What you should do –
When the line with "The Bullish Narrative: The" turns up below, begin repeating exactly, and carry on through the line with "日本 三重県伊勢市朝熊町岳にある金剛證寺の連間の池に架かる連珠橋"; no pictures go into the copy.

Listed entries Start Marker

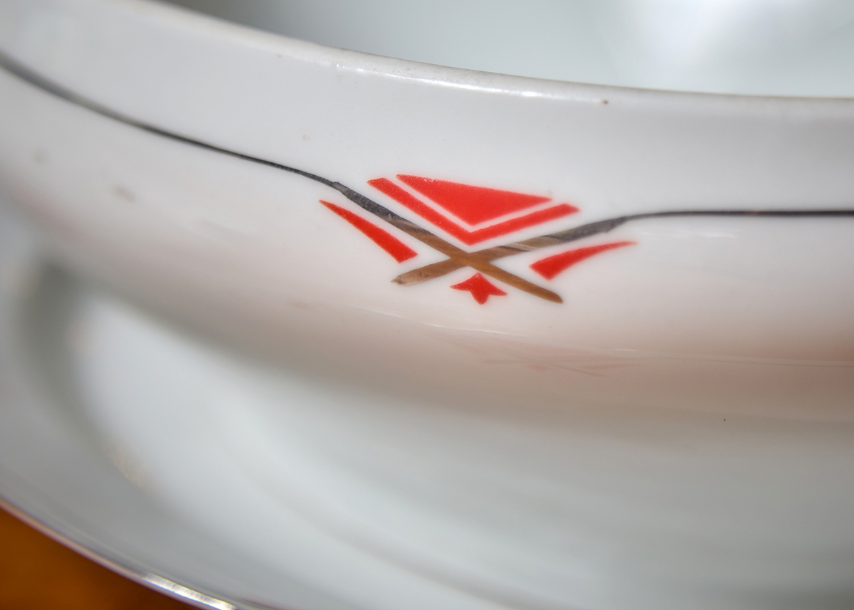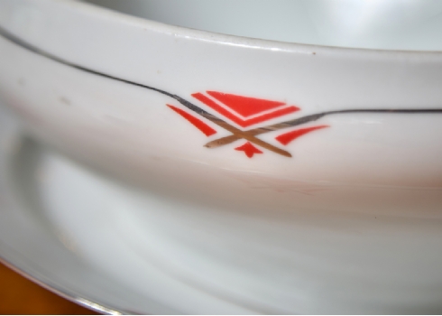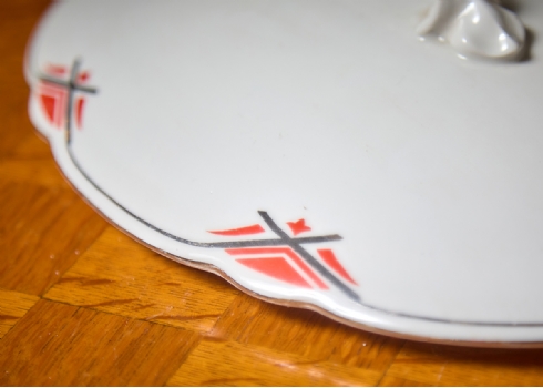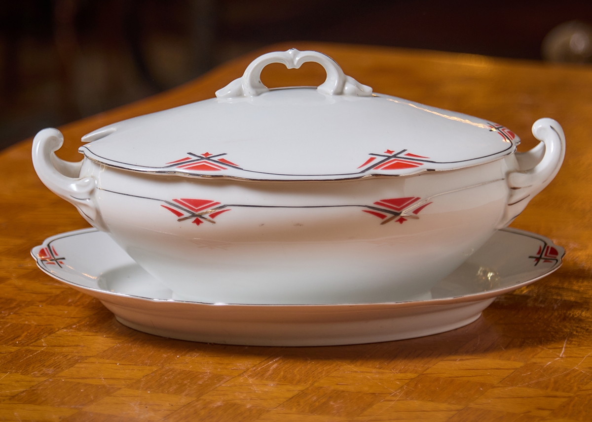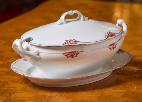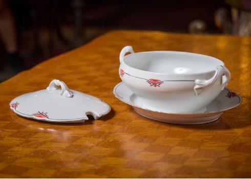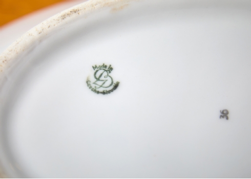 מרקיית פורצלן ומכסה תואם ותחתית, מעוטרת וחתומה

Listed entries End Marker
Listed entries Start Marker

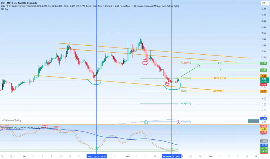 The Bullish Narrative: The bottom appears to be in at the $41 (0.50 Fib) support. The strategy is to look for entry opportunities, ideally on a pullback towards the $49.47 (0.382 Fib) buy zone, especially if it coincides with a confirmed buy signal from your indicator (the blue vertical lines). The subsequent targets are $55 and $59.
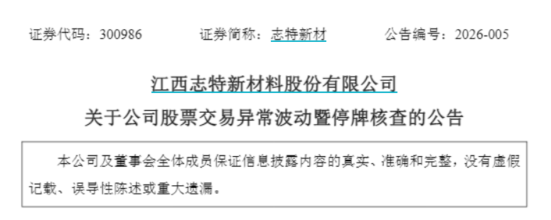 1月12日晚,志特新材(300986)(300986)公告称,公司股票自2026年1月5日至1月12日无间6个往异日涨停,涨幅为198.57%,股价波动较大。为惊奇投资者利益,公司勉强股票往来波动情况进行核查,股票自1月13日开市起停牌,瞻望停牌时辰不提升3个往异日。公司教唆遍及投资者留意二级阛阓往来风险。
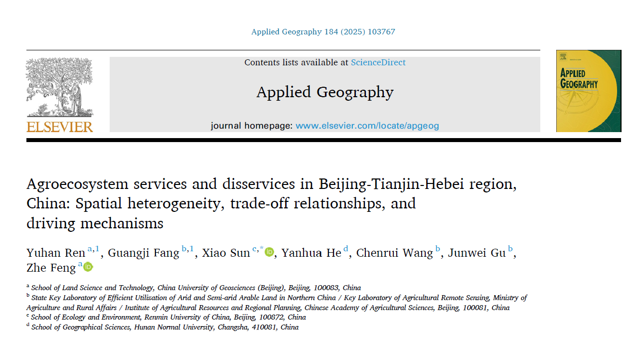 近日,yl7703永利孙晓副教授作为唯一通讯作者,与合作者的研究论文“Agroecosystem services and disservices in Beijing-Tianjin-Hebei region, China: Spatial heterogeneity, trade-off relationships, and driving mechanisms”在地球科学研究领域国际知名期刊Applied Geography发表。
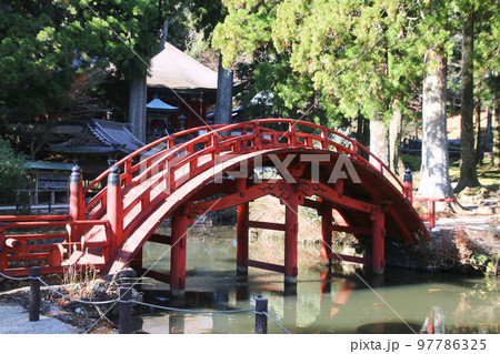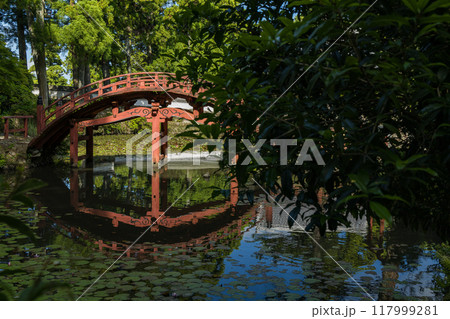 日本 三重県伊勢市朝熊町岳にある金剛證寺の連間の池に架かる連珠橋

Listed entries End Marker

Task solution –
 The Bullish Narrative: The bottom appears to be in at the $41 (0.50 Fib) support. The strategy is to look for entry opportunities, ideally on a pullback towards the $49.47 (0.382 Fib) buy zone, especially if it coincides with a confirmed buy signal from your indicator (the blue vertical lines). The subsequent targets are $55 and $59.
 1月12日晚,志特新材(300986)(300986)公告称,公司股票自2026年1月5日至1月12日无间6个往异日涨停,涨幅为198.57%,股价波动较大。为惊奇投资者利益,公司勉强股票往来波动情况进行核查,股票自1月13日开市起停牌,瞻望停牌时辰不提升3个往异日。公司教唆遍及投资者留意二级阛阓往来风险。
 近日,yl7703永利孙晓副教授作为唯一通讯作者,与合作者的研究论文“Agroecosystem services and disservices in Beijing-Tianjin-Hebei region, China: Spatial heterogeneity, trade-off relationships, and driving mechanisms”在地球科学研究领域国际知名期刊Applied Geography发表。
 日本 三重県伊勢市朝熊町岳にある金剛證寺の連間の池に架かる連珠橋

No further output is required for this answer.